Un homme d’affaires
- Author: Honoré de Balzac
- Language: French
- Series: La Comédie humaine
- Publication date: 1845
- Publication place: France

= Un homme d'affaires =

Short story by Honoré de Balzac

Un homme d’affaires (English "A Man of Business") is a short story by Honoré de Balzac. It was published in 1845 and is one of the Scènes de la vie Parisienne of La Comédie humaine. It was the only finished work that Balzac published in 1845.

==Plot summary==
During a party held at the home of the courtesan, Malaga, the lawyer Desroches tells the other guests a story about aristocrat, Maxime de Trailles.

De Trailles has borrowed a lot of money and refuses to pay his debts.
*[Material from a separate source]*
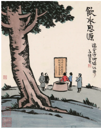
丰子恺 饮水思源 35x28cm 纸本水墨设色 1962年 上海中国画院藏

歌,其漫画作品既有古典诗词的生动阐发,也有现实生活的诗意表达。诗,既是他的创作素材,也是他的艺术本色。丰子恺具有一颗赤子之心,他一生童心未泯,自称是儿童的崇拜者,他以充满热情的画笔赞美儿童的纯洁与天真,批判成人世界的污浊与虚伪;真,既是他的为人之道,也是他的为艺之则。丰子恺具有一颗悲悯之心,他一生悲天悯人,以广大无边的慈悲之怀对待众生与万物,曾作《护生画集》,劝人爱惜生命,戒除残杀,长养仁爱,倡导和平;爱,既是他生命的底色,也是他艺术的基调。丰子恺具有一颗爱国之心,他一生以国为家,抗战时期,他以笔为枪,宣传抗战。和平时期,他以饱含激情之笔歌颂祖国,歌颂人民;国,既是他深爱的热土,也是他永恒的家园。
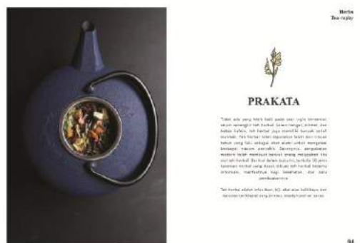
Gambar 5. Final buku halaman 3-4

Two Parisian businessmen Cerizet and Claparon buy up de Trailles' notes from his debtors, and set out to collect the money owing. Cerizet attempts to recover the debt by visiting and confronting de Trailles demanding payment. De Trailles refuses.

Meanwhile, de Trailles has bought a reading room for his lover Mademoiselle Antonia Chocardelle to manage. At the suggestion of Croizeau, one the regular guests in the reading room, Antonia tells de Trailles about some valuable furniture that she wants to buy worth 4000 francs. She also says that she is bored of running the reading room. So they sell the reading room to a buyer who Croizeau has arranged for them, and bring the cash with them to buy the furniture. When they get to the place to buy the furniture, the owner turns out to be Cerizet in disguise. So Cerizet is able to obtain the full payment of the debts.